§ DATASET RECORDS
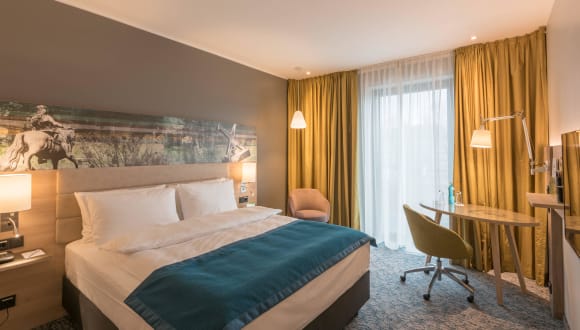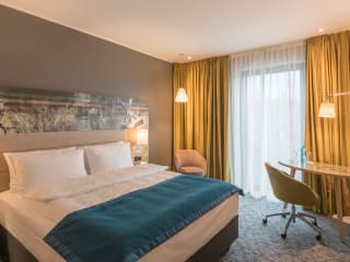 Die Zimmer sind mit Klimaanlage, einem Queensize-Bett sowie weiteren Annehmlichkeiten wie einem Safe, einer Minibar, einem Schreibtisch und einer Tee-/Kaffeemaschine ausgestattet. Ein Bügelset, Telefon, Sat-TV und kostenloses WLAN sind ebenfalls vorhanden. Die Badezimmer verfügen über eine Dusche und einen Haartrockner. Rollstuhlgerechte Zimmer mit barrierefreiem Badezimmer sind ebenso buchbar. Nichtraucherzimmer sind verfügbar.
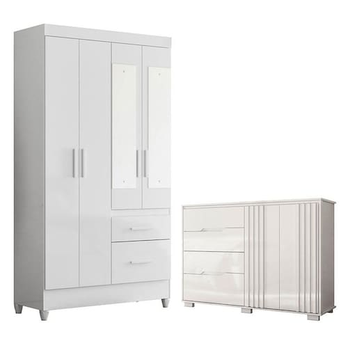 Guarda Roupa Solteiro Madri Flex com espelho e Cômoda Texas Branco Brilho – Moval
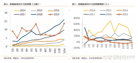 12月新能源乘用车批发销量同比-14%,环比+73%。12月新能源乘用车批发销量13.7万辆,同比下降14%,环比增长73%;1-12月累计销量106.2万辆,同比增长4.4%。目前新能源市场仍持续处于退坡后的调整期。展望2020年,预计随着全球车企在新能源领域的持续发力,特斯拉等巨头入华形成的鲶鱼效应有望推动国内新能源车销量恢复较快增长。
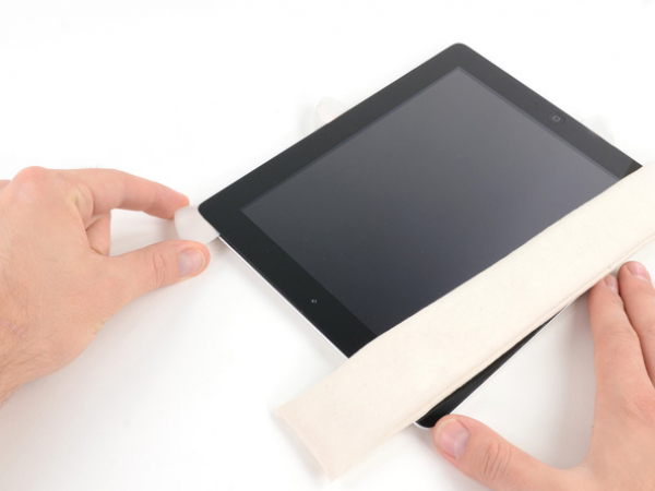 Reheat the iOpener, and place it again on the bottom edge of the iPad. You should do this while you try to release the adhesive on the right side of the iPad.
...
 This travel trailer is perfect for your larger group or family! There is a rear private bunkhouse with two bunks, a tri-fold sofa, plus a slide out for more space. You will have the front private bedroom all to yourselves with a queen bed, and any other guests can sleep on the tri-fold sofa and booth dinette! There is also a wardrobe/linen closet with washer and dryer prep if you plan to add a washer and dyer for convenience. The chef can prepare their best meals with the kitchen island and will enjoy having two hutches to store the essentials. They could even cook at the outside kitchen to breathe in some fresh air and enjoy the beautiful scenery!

§ TASK PROMPT
Each line between the one holding "Die Zimmer sind" and the one holding "Reheat the iOpener, and", inclusive, should be copied exactly as it appears above, and pictures should be omitted.

§ SOLUTION
 Die Zimmer sind mit Klimaanlage, einem Queensize-Bett sowie weiteren Annehmlichkeiten wie einem Safe, einer Minibar, einem Schreibtisch und einer Tee-/Kaffeemaschine ausgestattet. Ein Bügelset, Telefon, Sat-TV und kostenloses WLAN sind ebenfalls vorhanden. Die Badezimmer verfügen über eine Dusche und einen Haartrockner. Rollstuhlgerechte Zimmer mit barrierefreiem Badezimmer sind ebenso buchbar. Nichtraucherzimmer sind verfügbar.
 Guarda Roupa Solteiro Madri Flex com espelho e Cômoda Texas Branco Brilho – Moval
 12月新能源乘用车批发销量同比-14%,环比+73%。12月新能源乘用车批发销量13.7万辆,同比下降14%,环比增长73%;1-12月累计销量106.2万辆,同比增长4.4%。目前新能源市场仍持续处于退坡后的调整期。展望2020年,预计随着全球车企在新能源领域的持续发力,特斯拉等巨头入华形成的鲶鱼效应有望推动国内新能源车销量恢复较快增长。
 Reheat the iOpener, and place it again on the bottom edge of the iPad. You should do this while you try to release the adhesive on the right side of the iPad.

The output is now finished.